[Information]:
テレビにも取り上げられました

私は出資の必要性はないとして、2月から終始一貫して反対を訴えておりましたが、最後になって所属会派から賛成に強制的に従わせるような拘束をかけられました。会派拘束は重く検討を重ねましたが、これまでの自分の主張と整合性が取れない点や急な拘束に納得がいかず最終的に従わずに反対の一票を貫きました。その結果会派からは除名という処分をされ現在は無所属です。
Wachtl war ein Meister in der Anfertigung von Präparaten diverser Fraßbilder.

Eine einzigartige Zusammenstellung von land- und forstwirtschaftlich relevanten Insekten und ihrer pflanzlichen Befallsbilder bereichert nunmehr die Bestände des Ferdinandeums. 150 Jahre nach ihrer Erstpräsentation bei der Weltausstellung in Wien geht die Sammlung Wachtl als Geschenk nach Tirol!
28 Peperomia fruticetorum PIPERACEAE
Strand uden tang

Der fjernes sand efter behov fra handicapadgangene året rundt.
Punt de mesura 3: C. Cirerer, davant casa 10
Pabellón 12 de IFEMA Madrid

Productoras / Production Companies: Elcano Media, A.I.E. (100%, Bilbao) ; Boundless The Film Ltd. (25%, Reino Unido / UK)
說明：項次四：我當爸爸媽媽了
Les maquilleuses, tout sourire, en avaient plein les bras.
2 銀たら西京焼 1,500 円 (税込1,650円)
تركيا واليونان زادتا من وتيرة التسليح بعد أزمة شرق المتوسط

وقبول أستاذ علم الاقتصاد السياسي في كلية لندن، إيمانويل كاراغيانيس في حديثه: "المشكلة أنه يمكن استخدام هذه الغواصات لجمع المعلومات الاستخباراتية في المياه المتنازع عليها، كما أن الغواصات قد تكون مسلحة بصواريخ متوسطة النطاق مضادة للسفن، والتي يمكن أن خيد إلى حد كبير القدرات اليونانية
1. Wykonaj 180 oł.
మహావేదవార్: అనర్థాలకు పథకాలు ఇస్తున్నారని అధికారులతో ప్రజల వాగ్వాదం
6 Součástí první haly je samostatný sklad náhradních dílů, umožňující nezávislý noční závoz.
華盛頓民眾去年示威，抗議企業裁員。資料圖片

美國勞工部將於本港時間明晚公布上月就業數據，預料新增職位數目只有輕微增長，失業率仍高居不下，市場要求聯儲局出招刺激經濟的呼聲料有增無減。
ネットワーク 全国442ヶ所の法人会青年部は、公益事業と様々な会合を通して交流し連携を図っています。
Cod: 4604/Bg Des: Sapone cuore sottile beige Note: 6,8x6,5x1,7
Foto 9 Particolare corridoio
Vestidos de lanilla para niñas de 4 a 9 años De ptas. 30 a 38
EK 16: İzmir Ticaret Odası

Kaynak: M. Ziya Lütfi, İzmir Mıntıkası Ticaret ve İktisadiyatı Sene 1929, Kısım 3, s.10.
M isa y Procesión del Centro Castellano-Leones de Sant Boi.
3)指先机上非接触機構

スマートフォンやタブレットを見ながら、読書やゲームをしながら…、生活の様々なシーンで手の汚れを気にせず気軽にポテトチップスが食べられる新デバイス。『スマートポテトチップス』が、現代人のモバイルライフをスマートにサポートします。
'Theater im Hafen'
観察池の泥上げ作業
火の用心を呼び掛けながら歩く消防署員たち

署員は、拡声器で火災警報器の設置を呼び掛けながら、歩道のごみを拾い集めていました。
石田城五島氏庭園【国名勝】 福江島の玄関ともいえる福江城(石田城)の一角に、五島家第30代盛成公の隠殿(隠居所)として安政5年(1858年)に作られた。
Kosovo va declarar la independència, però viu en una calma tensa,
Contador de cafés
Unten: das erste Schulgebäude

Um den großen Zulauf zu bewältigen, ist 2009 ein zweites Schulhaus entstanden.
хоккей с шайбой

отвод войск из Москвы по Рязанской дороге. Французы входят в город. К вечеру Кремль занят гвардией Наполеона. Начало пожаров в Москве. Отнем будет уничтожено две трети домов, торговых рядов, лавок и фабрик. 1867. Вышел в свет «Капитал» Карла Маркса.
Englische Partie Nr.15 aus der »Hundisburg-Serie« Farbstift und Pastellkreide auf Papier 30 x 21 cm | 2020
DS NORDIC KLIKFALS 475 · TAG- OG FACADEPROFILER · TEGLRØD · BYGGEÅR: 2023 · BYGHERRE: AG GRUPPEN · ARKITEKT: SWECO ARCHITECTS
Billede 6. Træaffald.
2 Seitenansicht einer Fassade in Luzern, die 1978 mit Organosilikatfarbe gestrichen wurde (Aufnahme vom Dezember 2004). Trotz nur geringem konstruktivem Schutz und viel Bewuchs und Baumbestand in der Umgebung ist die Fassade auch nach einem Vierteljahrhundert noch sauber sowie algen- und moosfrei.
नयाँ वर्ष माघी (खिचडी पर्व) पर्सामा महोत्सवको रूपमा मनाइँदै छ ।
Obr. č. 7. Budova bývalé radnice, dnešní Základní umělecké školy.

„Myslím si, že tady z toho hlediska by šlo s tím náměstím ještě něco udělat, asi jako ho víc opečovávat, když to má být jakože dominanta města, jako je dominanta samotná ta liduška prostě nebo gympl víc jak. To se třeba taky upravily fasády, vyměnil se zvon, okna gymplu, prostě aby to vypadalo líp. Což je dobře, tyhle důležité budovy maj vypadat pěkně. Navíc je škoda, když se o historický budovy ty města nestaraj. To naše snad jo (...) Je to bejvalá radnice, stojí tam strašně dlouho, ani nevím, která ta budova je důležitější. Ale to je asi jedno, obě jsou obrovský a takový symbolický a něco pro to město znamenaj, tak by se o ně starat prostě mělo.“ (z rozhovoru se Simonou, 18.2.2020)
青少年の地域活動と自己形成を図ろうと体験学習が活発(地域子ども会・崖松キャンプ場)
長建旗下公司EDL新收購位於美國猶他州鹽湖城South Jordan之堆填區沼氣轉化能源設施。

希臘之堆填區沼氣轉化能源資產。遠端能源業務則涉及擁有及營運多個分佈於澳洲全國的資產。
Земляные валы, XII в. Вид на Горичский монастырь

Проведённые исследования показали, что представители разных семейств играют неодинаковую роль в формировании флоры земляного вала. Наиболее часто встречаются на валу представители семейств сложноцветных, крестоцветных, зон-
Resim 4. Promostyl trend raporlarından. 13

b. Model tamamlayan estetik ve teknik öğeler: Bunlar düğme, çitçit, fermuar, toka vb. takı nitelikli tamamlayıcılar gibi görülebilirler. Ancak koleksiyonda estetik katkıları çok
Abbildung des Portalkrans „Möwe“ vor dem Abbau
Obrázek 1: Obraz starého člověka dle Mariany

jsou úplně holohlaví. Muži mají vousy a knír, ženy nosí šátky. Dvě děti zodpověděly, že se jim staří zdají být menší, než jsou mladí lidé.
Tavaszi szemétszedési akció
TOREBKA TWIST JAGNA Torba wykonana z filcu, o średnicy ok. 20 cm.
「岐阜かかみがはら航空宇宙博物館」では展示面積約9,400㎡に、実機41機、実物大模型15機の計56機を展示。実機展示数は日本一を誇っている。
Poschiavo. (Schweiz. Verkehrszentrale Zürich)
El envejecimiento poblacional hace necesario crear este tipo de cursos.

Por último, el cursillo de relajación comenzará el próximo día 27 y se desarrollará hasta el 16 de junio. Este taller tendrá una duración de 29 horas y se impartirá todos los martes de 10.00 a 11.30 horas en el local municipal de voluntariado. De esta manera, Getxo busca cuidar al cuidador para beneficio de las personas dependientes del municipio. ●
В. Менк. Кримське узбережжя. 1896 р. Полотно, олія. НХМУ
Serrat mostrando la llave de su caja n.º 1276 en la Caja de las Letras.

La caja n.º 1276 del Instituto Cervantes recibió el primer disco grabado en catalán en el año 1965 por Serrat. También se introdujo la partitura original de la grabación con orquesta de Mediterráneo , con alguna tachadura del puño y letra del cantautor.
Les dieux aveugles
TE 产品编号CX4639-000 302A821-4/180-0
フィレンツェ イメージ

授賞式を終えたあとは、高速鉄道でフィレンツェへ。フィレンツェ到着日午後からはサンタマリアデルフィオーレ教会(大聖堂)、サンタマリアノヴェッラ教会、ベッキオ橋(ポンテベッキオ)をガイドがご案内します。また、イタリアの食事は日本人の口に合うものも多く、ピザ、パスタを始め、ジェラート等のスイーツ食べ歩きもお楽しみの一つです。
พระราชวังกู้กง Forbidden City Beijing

[What you should do]:
All lines above from the one containing "Obrázek 1: Obraz starého člověka dle Mariany" to the one containing "El envejecimiento poblacional" must be repeated exactly, both lines included, and no others.

[Result]:
Obrázek 1: Obraz starého člověka dle Mariany

jsou úplně holohlaví. Muži mají vousy a knír, ženy nosí šátky. Dvě děti zodpověděly, že se jim staří zdají být menší, než jsou mladí lidé.
Tavaszi szemétszedési akció
TOREBKA TWIST JAGNA Torba wykonana z filcu, o średnicy ok. 20 cm.
「岐阜かかみがはら航空宇宙博物館」では展示面積約9,400㎡に、実機41機、実物大模型15機の計56機を展示。実機展示数は日本一を誇っている。
Poschiavo. (Schweiz. Verkehrszentrale Zürich)
El envejecimiento poblacional hace necesario crear este tipo de cursos.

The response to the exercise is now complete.